Your answer should be only the lines below from the one with "ทะเลสาบ 5 กม. ด้าหลี่" to the one with "Standard Sailing LIMITED EDITION", repeated exactly, ends included.
BEGIN EXCERPTED DATA
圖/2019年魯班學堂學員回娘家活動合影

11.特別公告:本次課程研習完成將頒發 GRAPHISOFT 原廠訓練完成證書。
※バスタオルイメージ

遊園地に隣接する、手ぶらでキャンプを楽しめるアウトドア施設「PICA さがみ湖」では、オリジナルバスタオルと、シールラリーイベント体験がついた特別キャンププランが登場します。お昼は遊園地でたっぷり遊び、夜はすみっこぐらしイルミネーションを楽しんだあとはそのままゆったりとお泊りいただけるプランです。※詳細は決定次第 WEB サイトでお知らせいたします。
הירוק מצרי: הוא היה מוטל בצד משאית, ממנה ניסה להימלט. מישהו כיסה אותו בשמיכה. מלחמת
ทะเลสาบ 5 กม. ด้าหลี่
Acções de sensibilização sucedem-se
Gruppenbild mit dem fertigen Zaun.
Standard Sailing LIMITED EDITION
END EXCERPTED DATA
BEGIN EXCERPTED DATA
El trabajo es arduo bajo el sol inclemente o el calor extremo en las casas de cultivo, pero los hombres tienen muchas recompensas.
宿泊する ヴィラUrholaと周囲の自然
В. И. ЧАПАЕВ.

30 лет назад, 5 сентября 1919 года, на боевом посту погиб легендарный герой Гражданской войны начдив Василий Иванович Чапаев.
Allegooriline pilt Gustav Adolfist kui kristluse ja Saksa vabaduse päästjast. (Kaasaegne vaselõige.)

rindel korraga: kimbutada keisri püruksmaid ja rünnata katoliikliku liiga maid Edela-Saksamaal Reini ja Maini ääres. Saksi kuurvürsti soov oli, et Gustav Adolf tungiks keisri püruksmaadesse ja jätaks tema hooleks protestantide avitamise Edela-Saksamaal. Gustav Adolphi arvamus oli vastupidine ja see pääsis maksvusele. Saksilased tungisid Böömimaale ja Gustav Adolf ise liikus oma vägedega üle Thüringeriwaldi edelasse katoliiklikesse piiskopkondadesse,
END EXCERPTED DATA
[TASK RESULT]
ทะเลสาบ 5 กม. ด้าหลี่
Acções de sensibilização sucedem-se
Gruppenbild mit dem fertigen Zaun.
Standard Sailing LIMITED EDITION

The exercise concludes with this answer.